In chapter two, the authors talked about the different methods that can be used to conduct research. First, the researcher must determine the different dependent and independent variables. The authors also provided two different diagrams: The Table of Statistical Tests, in which the researchers can look up the type of methods to use based on the number of dependent and independent variables used. The second diagram is of a Decision-Making Tree, which is constructed on four types of research questions such as relationship between variables, group differences, membership, and structure. In addition, there are three types of tests that researchers can use to explore the relationship between variables. These tests includes Bivariate correlation and regression, multiple regression, and path analysis.
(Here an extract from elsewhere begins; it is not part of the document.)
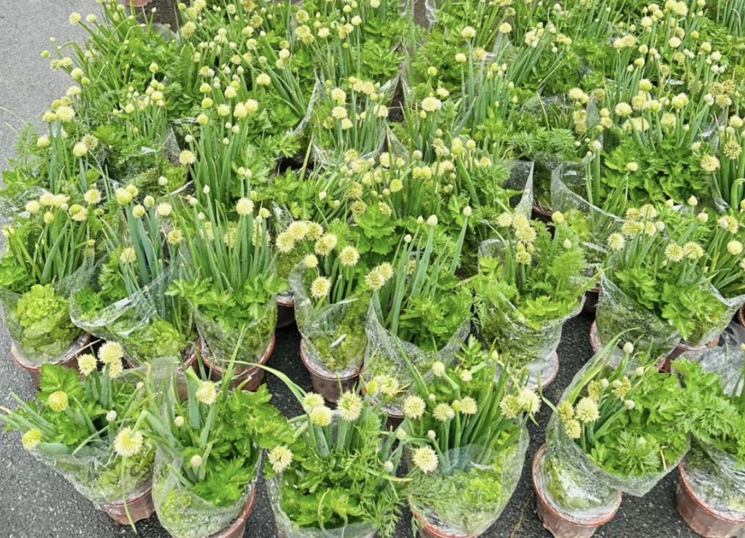 此外,由芹菜(致力于)、生菜(生财)、葱(颖慧)组成的盆栽,形似聚宝盆的蝴蝶兰也在花市里遍地可见。

Similarly, the first test, Bivariate correlation looks at the relationship among the two variables by examining the Pearson correlation coefficient. Contrary to bivariate correlation, bivariate regression utilized the independent variable to calculate or assume the results of the dependent variable. Thus, there exist one independent and one dependent variables in bivariate correlation or regression. Likewise, multiple regression categorizes the best group of independent variables in order to accurately predict the dependent variable. Thus, this method normally consists of multiple independent variables. In addition, multiple regression consists of two or more independent variables, while having only one dependent variable. Furthermore, path analysis examines both direct and indirect relationship among variables in dependent and independent variables through the use of multiple regression. This method consists of two or more independent variables and one or more dependent variables. Thus, this method is used to examine the strength of the relationship from the proposed hypothesis.
Next, the authors discussed about group differences. One of the purpose for testing group differences is to see if there is a relationship between the independent and dependent variables that the researcher wants to test. Thus, a common test that is used to examine this difference is the t test. In t tests, two groups are being compared where the independent variable have two categories and the dependent variable is quantitative. Furthermore, one way analysis of variance (ANOVA) can be used to also test group differences among two or more variables while also examining the differences between and within the groups. Thus, in one way ANOVA, there exist one independent variables with two or more categories and one quantitative dependent variable. Another example of group comparison can be found through the use of one way analysis of covariance (ANCOVA). In this method, two or more groups are used to compare the mean of the dependent variable, but another variable is being controlled for in order to get more accurate results and reduce other variable influences whether from pretreatment or environmental effects. Therefore, in ANCOVA, there is one independent variable with two categories, one dependent variable, and one or more covariant (controlled variable). Likewise, one way multivariate analysis of variance (MANOVA) can also be used to determine within group differences. In MANOVA, two or more dependent variables can be examined at one time to see if there’s a correlation among the two different dependent variables. Thus, in one way MANOVA, there exist one independent variable with two or more categories and two or more quantitative dependent variables.
Another test that can be used to examine the differences between group is multivariate analysis of covariance (MANCOVA). In MANCOVA, similar to ANCOVA, there is one independent variable with two or more categories, two or more quantitative dependent variables, and one or more covariate. Moreover, factorial multivariate analysis of variance (factorial MANOVA) can be used when there are more than one independent variables. In factorial MANOVA, there are two or more categorical independent variables and two or more quantitative dependent variables. The last test to compare group differences is the factorial multivariate analysis of covariance. In this test, one or more dependent needs to be adjusted for. Thus, there exist two or more categorical independent variables, two or more quantitative dependent variables, and one or more covariate. Contrarily, in prediction of group membership, discriminant analysis is used because it examines one dependent variables and predict various independent variables. This type of test has two or more quantitative independent variables and one dependent variable with two or more categories in it.